### The problem
The answer is the exact run of lines in the listing below from the line containing "Soft boy doll" up to and including the line containing "Każdy szczegół –", with pictures removed.

### Information provided
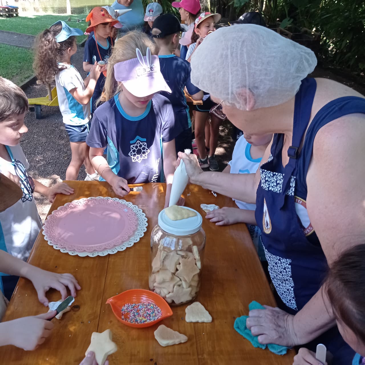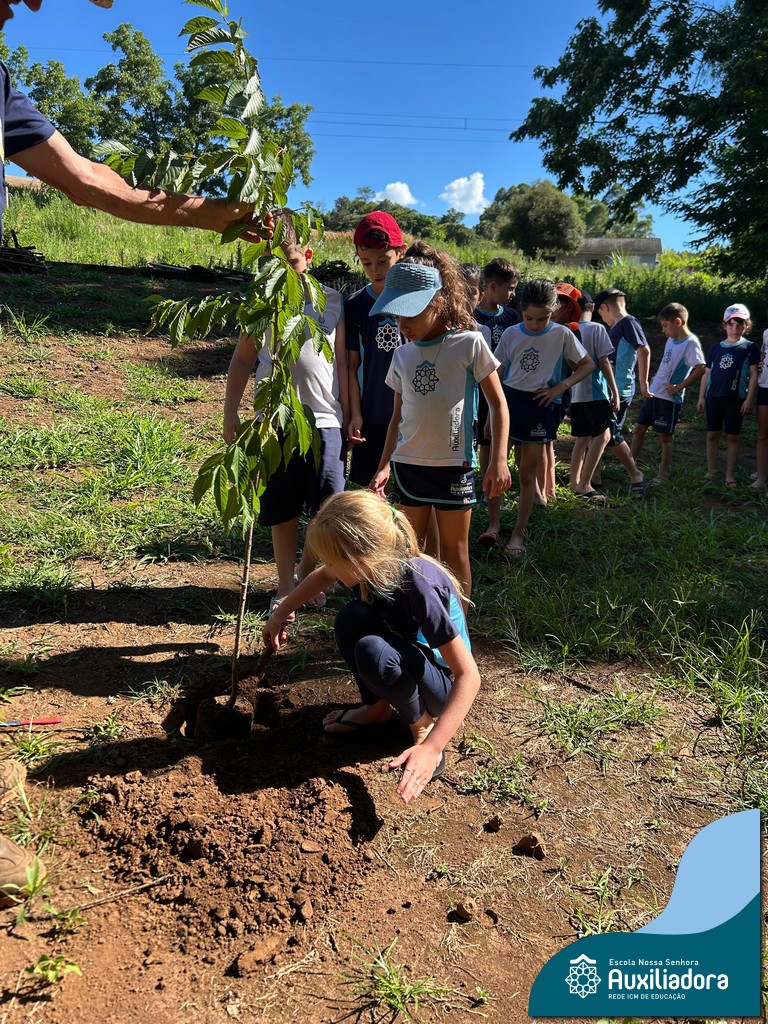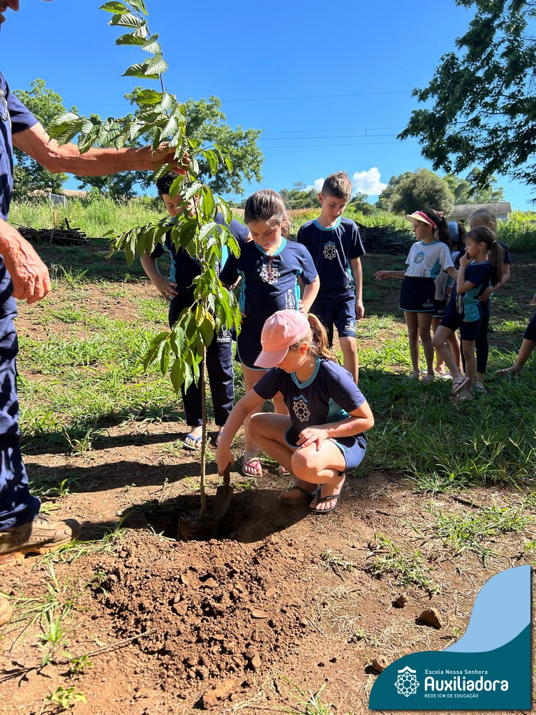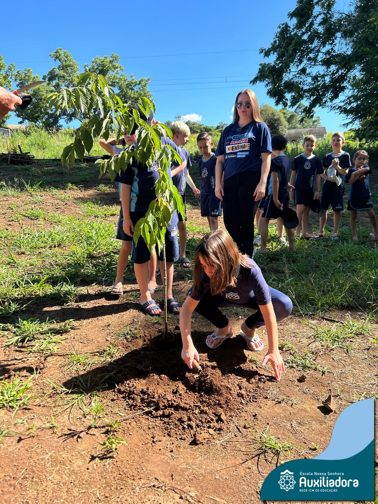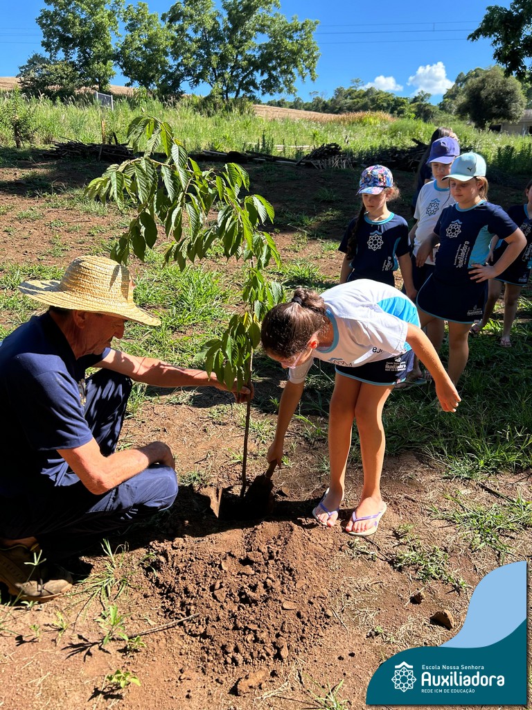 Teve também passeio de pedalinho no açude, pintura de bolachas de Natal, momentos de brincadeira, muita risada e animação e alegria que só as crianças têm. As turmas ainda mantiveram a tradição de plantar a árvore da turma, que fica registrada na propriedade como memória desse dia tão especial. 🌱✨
--
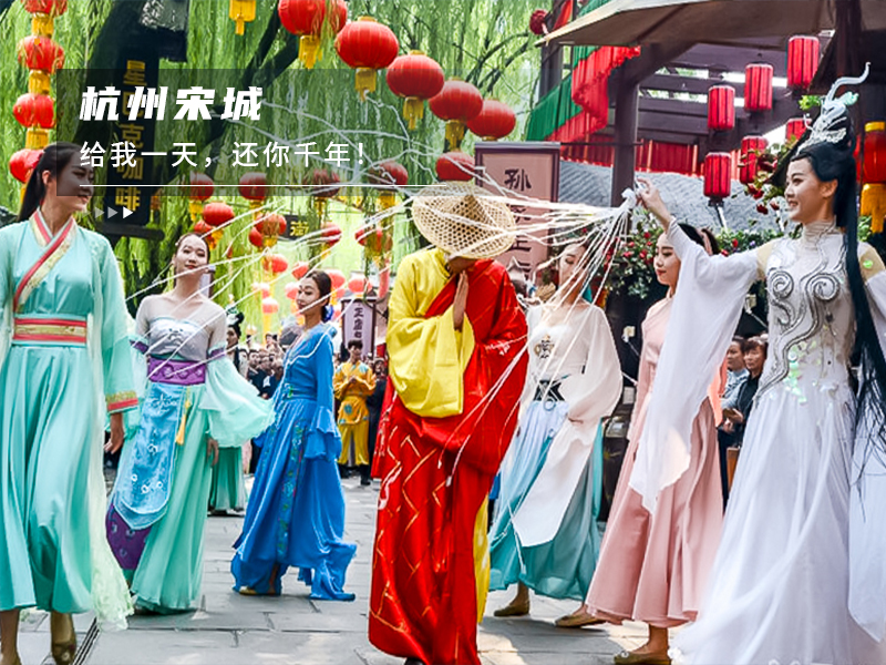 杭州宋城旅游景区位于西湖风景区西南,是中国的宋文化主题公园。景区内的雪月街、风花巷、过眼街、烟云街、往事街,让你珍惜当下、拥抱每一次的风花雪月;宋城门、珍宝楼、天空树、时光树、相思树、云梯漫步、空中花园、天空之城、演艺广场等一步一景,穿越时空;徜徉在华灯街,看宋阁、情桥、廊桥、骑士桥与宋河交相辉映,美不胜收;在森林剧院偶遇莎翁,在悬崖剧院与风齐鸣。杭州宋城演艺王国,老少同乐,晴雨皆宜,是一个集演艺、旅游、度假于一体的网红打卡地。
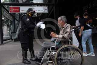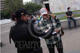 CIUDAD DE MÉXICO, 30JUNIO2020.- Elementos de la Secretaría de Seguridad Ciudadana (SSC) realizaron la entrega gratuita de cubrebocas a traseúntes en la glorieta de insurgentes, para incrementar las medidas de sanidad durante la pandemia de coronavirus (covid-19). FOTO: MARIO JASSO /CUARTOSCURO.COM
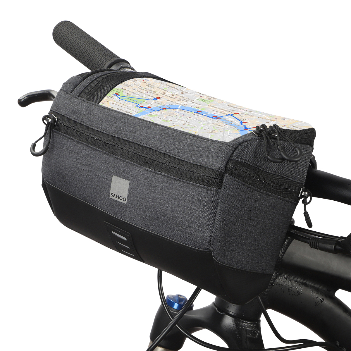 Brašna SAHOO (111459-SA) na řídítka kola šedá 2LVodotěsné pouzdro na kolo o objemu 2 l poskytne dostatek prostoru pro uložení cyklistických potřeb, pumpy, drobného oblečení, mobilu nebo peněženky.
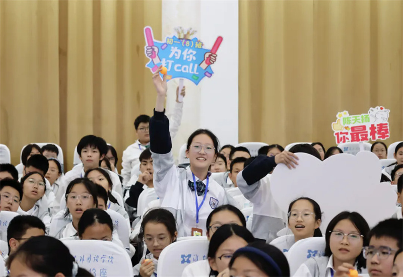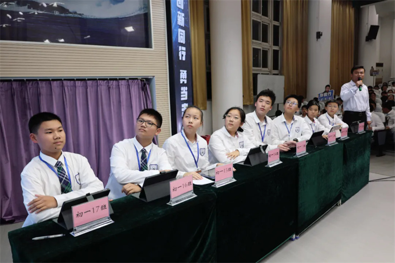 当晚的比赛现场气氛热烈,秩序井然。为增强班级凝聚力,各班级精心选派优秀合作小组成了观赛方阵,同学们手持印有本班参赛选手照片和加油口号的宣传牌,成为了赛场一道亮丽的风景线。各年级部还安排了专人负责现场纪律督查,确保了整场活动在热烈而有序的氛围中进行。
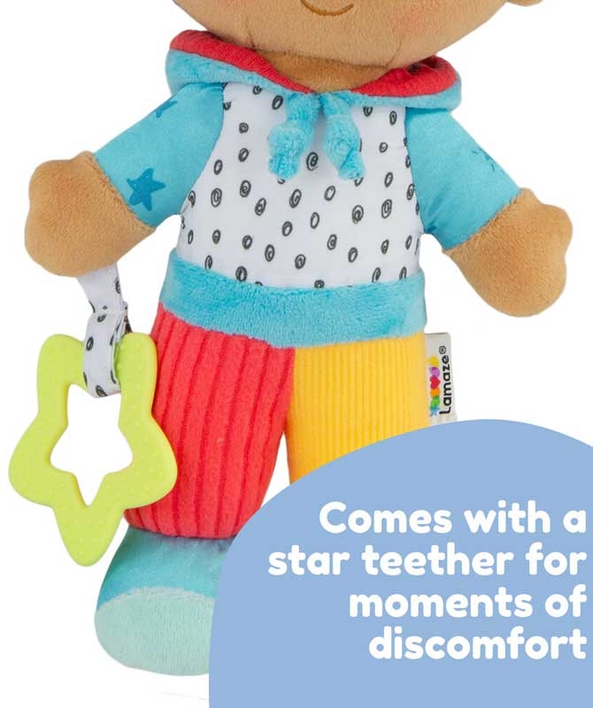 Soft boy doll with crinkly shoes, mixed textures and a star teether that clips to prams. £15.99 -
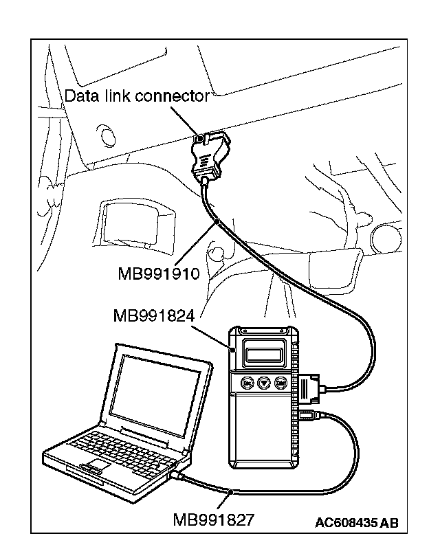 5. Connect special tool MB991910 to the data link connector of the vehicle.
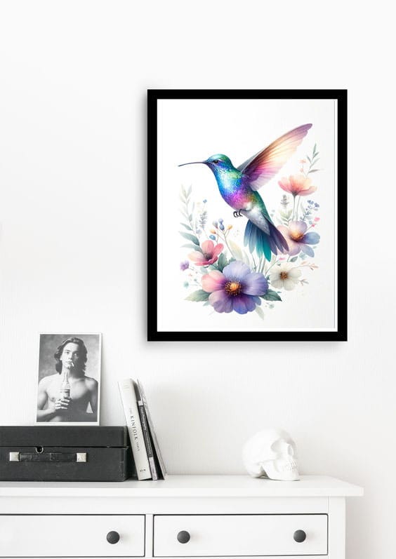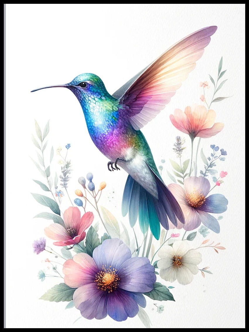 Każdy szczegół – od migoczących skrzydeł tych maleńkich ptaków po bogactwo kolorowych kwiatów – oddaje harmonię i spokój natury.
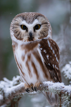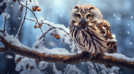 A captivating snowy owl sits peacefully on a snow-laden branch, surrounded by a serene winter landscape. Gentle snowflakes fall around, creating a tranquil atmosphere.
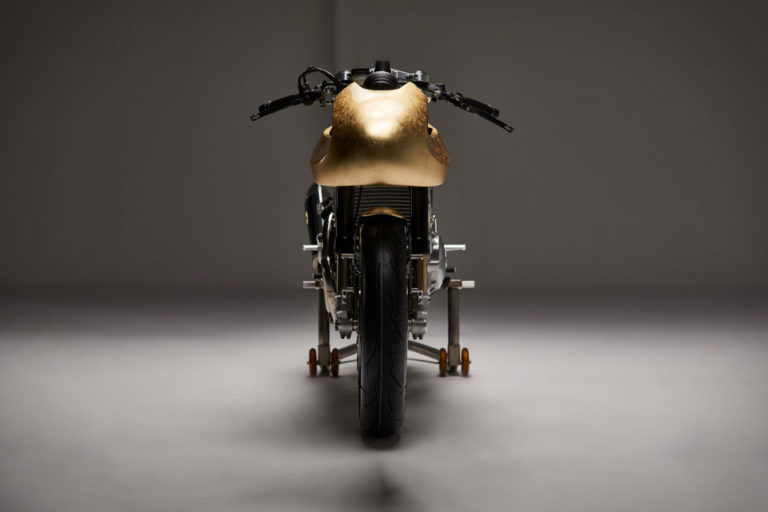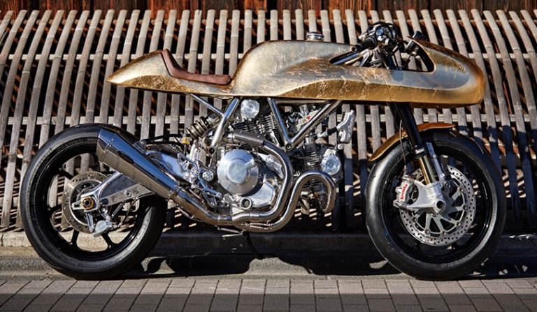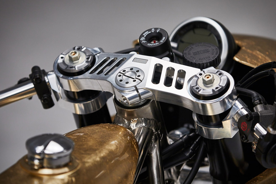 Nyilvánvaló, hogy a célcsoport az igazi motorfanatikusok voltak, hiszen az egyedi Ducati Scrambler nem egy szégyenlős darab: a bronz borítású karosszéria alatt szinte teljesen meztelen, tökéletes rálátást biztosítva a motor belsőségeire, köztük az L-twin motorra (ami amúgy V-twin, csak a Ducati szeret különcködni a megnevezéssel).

### Finished exercise
 Soft boy doll with crinkly shoes, mixed textures and a star teether that clips to prams. £15.99 -
 5. Connect special tool MB991910 to the data link connector of the vehicle.
 Każdy szczegół – od migoczących skrzydeł tych maleńkich ptaków po bogactwo kolorowych kwiatów – oddaje harmonię i spokój natury.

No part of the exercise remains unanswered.